My advice to young smart ambitious students of life is therefore: life in the exciting world of new ideas and pathways was not supposed to be easy and they like all of us who dared to question the status quo and have gone before them will encounter the same recalcitrants who are comfortable with the way it is. Because that is where their power and knowledge bases also live, and they are simply too rigid and often too old to adapt and entertain new ideas.

What is one lifestyle trend that excites you? 

As boring as it seems, as a scientist with a perpetual thirst for knowledge I love the Google Search engine. To have that electronic source of all knowledge of the real world at my fingertips is exciting not to mention instrumental in avoiding countless family conflicts.

Who has been the biggest influence in your life and why?

I am a firm believer in surrounding myself with more influential and intelligent people than myself. Something I have done from a very early age. So, I have no one person that stands out as the biggest influencer. Career wise, I have my many professors from U Syd and Harvard and business partners but for overall influence on a life level I cannot go past my father’s wisdom.

What’s one of the biggest life lessons you’ve learned?

Chase your dreams, surround yourself with smarter people than yourself and don’t waste your precious time trying to convince holders of opposing opinions. Again, I defer to my hero Max Planck who says” A new scientific truth does not triumph by convincing its opponents and making them see the light, but rather because its opponents eventually die, and a new generation grows up that is familiar with it”. You will be closer to true happiness which is after all the ultimate goal.
 

What do you think it is that makes you/someone successful?

A successful person is in the position both health wise and financially to be able to chase your life passions.  

Someone who has accumulated knowledge over the length of their career, enough that their colleagues and students can learn from you. To be hired on the basis of your wisdom and not your braun.

Having a happy family, a successful career in my case, helping millions of people obtain positive medical outcomes where mainstream medicine had let them down.

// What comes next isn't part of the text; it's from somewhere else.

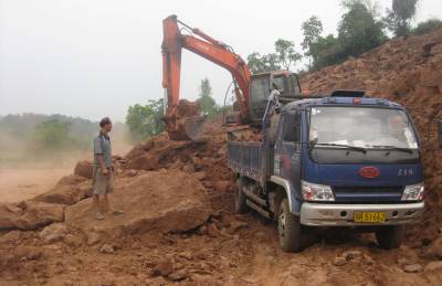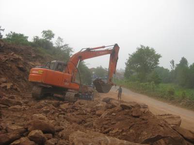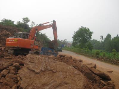 劈山开路修村路为打通一条艰巨的通村公路,8月6日,安陆市王义贞镇汝南村调集一台挖掘机和数辆卡车对众多巨石进行挖掘、搬运。图为工地繁忙的景象。签约摄影师:王代金

To obtain true peace of mind with the resources to follow your chosen path in retirement is what makes someone successful.

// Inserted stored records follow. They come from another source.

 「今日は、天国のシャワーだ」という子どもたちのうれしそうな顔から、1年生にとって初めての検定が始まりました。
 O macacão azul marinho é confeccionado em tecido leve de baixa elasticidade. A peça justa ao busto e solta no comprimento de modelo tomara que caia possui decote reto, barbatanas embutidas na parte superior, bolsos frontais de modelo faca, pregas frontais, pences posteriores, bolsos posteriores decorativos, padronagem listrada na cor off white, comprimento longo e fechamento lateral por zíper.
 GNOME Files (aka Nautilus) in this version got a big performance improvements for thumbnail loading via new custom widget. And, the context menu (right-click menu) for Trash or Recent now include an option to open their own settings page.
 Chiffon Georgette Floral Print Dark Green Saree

How do you stay motivated?

I wake up every morning with a project in mind. I like to continually problem solve. This is a perpetual journey as new problems which did not exist yesterday exist today.

What legacy do you hope to leave behind?

I want to be remembered as the person that made a difference by questioning the status quo and disrupting the recalcitrant mediocrity. The guy who told young people to trust their vision and be first to the next battlefield.